Records for this task section start

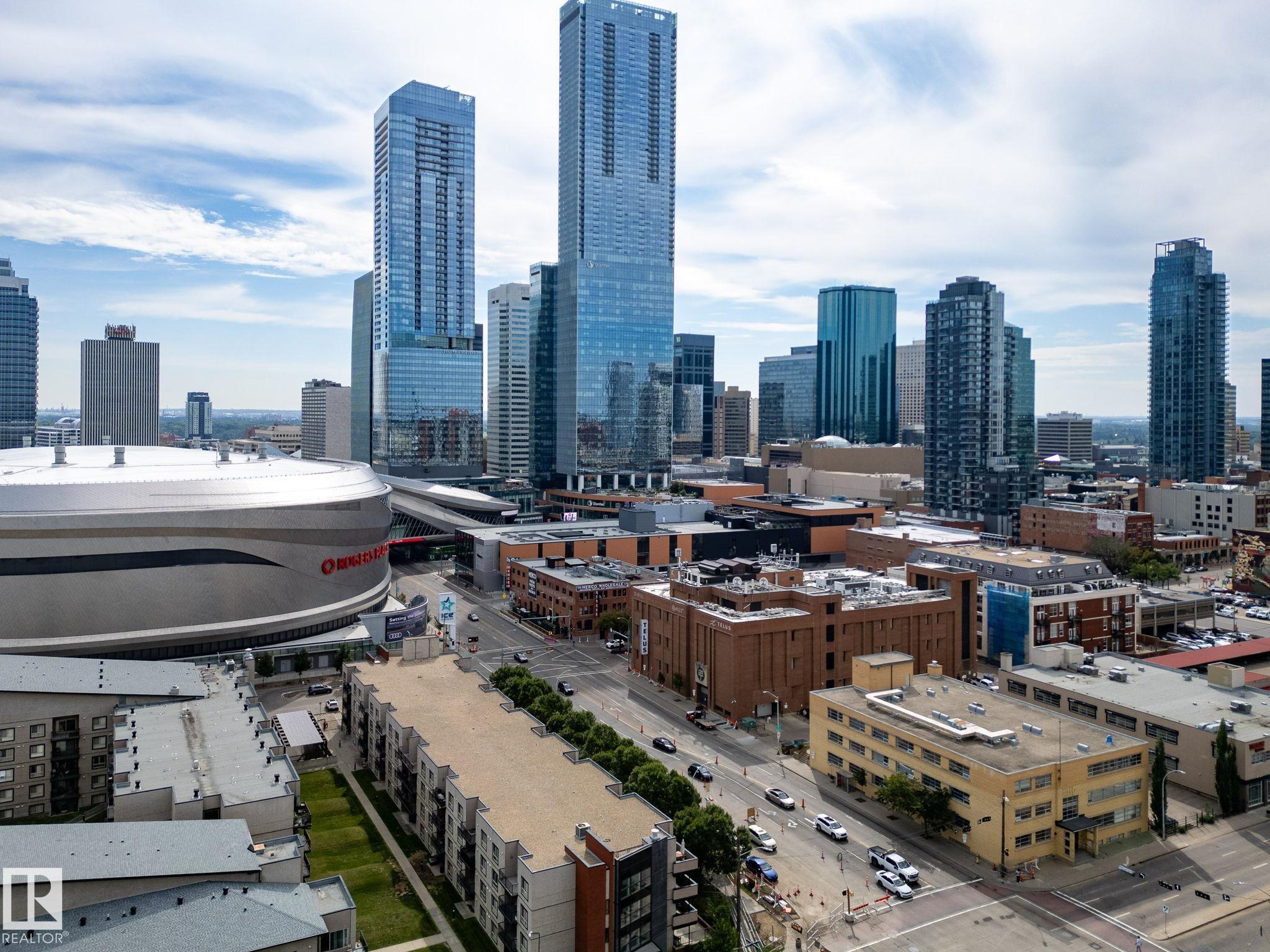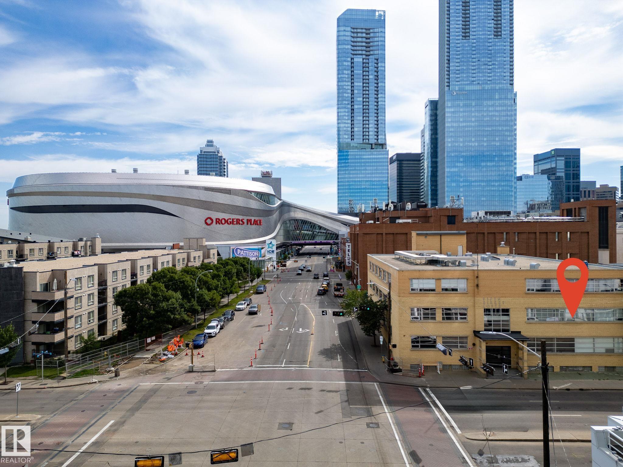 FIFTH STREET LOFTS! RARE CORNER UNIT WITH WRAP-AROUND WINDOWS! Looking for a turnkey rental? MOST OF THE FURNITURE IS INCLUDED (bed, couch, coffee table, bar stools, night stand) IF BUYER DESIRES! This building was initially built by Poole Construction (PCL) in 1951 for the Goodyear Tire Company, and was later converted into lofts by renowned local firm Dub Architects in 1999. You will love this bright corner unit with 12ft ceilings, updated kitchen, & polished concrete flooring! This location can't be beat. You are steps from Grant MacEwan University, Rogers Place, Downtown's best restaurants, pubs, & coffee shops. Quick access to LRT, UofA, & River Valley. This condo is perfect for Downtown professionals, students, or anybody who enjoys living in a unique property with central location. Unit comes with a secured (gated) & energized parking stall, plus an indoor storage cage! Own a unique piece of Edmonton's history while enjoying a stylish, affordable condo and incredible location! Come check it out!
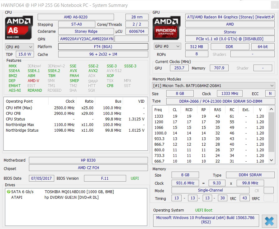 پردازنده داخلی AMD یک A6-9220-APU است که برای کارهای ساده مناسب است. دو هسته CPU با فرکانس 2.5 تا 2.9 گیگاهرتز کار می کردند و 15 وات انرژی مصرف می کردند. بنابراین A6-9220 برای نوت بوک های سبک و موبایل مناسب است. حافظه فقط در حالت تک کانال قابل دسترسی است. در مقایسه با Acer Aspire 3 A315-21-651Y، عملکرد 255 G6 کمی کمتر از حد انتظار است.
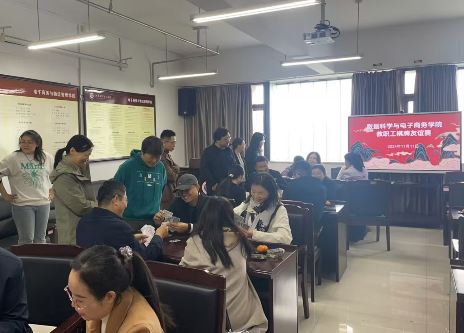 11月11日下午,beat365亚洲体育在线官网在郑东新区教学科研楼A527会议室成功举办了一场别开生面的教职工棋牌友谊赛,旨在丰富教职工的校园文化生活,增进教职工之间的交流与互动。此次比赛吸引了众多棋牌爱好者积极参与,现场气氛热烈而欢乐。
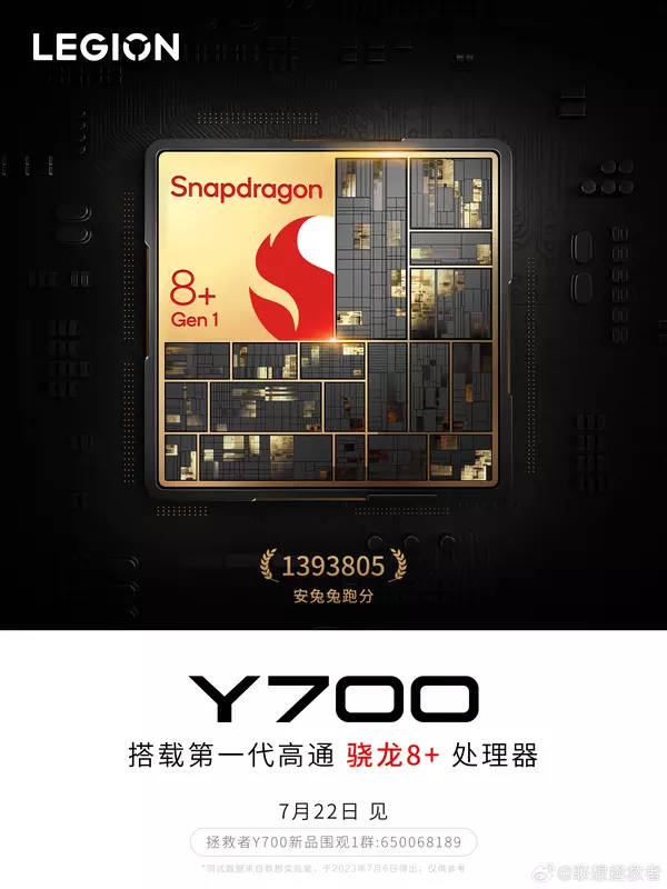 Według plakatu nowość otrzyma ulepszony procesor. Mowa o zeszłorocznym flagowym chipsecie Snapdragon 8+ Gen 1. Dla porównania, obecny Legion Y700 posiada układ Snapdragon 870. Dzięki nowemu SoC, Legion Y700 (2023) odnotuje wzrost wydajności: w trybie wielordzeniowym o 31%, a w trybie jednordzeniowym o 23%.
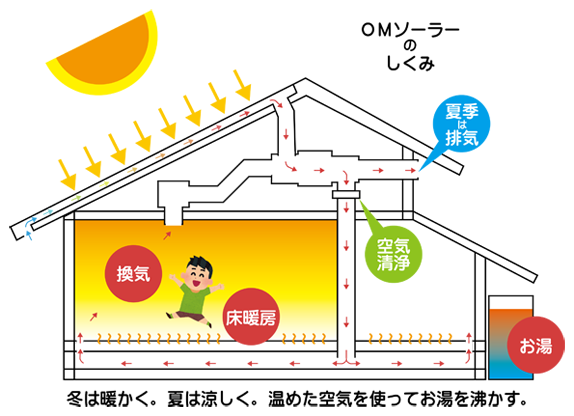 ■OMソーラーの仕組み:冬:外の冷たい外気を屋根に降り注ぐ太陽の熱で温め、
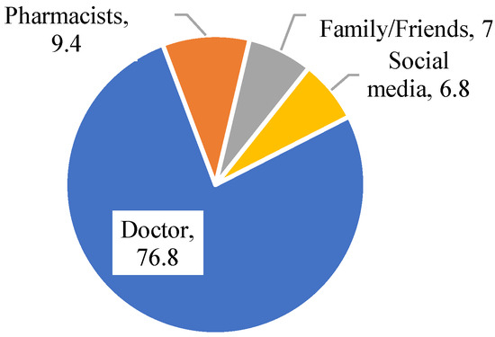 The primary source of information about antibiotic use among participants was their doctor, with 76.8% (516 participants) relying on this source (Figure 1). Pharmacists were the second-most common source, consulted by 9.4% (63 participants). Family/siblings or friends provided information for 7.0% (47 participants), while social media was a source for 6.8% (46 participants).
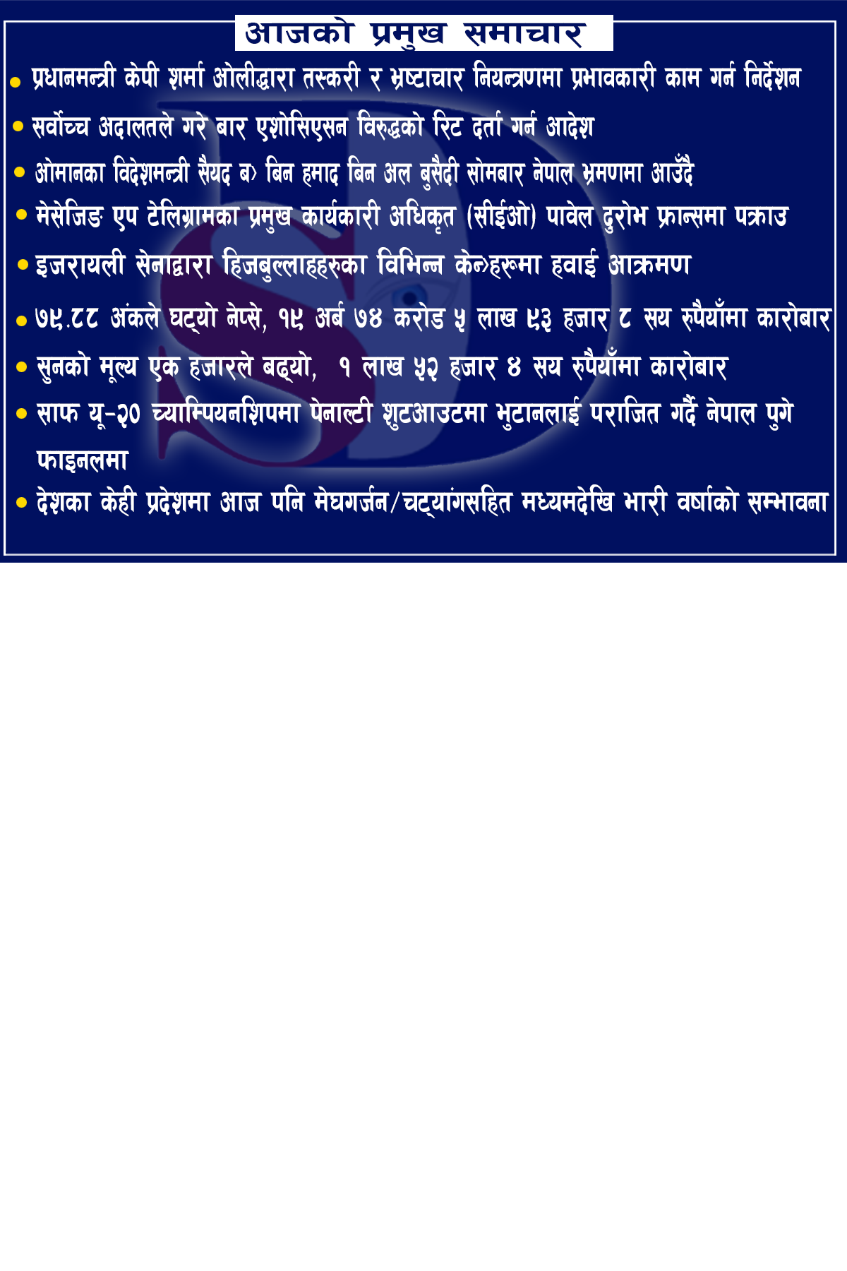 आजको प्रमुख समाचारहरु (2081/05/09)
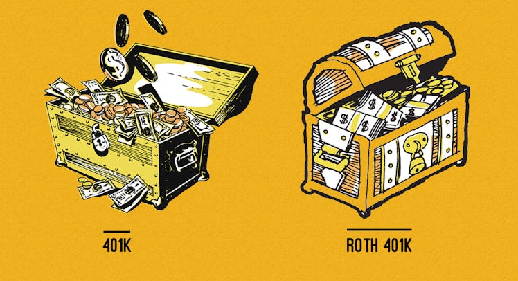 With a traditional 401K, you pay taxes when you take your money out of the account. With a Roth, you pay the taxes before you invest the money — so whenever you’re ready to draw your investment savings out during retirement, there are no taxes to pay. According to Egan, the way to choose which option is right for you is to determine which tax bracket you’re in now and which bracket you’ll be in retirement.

Records for this task section end

Work task
When the line that holds "Według plakatu nowość" is reached, begin duplicating exactly, and continue through the last line of the listing, skipping the pictures; output nothing else.

Written response
 Według plakatu nowość otrzyma ulepszony procesor. Mowa o zeszłorocznym flagowym chipsecie Snapdragon 8+ Gen 1. Dla porównania, obecny Legion Y700 posiada układ Snapdragon 870. Dzięki nowemu SoC, Legion Y700 (2023) odnotuje wzrost wydajności: w trybie wielordzeniowym o 31%, a w trybie jednordzeniowym o 23%.
 ■OMソーラーの仕組み:冬:外の冷たい外気を屋根に降り注ぐ太陽の熱で温め、
 The primary source of information about antibiotic use among participants was their doctor, with 76.8% (516 participants) relying on this source (Figure 1). Pharmacists were the second-most common source, consulted by 9.4% (63 participants). Family/siblings or friends provided information for 7.0% (47 participants), while social media was a source for 6.8% (46 participants).
 आजको प्रमुख समाचारहरु (2081/05/09)
 With a traditional 401K, you pay taxes when you take your money out of the account. With a Roth, you pay the taxes before you invest the money — so whenever you’re ready to draw your investment savings out during retirement, there are no taxes to pay. According to Egan, the way to choose which option is right for you is to determine which tax bracket you’re in now and which bracket you’ll be in retirement.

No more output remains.